[TASK ITEM]
Starting with the line that has "在中央大礼堂门前,研究生第十" and finishing with the line that has "Digital Elite White", set down each line below exactly. Pictures are not copied.

[DATA RECORDS]
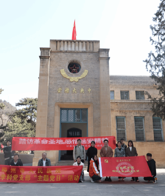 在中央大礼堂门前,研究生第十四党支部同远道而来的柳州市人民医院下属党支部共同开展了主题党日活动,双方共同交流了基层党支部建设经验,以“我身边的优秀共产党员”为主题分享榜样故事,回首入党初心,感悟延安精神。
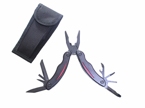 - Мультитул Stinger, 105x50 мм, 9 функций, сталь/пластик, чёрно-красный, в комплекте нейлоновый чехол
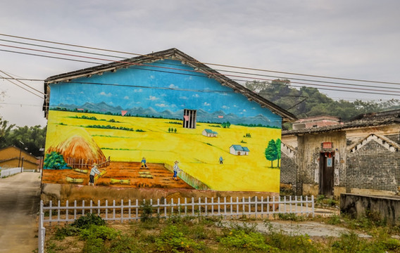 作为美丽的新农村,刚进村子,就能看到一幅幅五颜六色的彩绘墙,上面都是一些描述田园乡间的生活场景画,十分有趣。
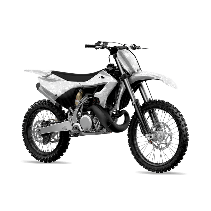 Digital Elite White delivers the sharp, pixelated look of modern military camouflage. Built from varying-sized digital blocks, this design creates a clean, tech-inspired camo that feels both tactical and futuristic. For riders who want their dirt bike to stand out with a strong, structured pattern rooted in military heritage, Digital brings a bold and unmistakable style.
...
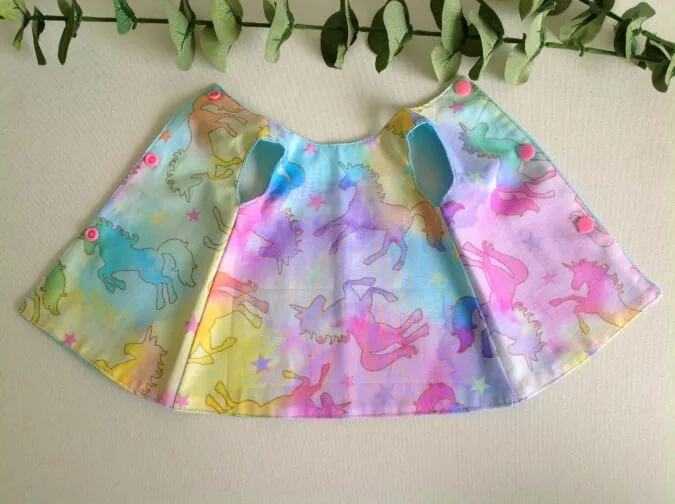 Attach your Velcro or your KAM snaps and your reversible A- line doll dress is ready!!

[SOLUTION TO THIS EXERCISE]
 在中央大礼堂门前,研究生第十四党支部同远道而来的柳州市人民医院下属党支部共同开展了主题党日活动,双方共同交流了基层党支部建设经验,以“我身边的优秀共产党员”为主题分享榜样故事,回首入党初心,感悟延安精神。
 - Мультитул Stinger, 105x50 мм, 9 функций, сталь/пластик, чёрно-красный, в комплекте нейлоновый чехол
 作为美丽的新农村,刚进村子,就能看到一幅幅五颜六色的彩绘墙,上面都是一些描述田园乡间的生活场景画,十分有趣。
 Digital Elite White delivers the sharp, pixelated look of modern military camouflage. Built from varying-sized digital blocks, this design creates a clean, tech-inspired camo that feels both tactical and futuristic. For riders who want their dirt bike to stand out with a strong, structured pattern rooted in military heritage, Digital brings a bold and unmistakable style.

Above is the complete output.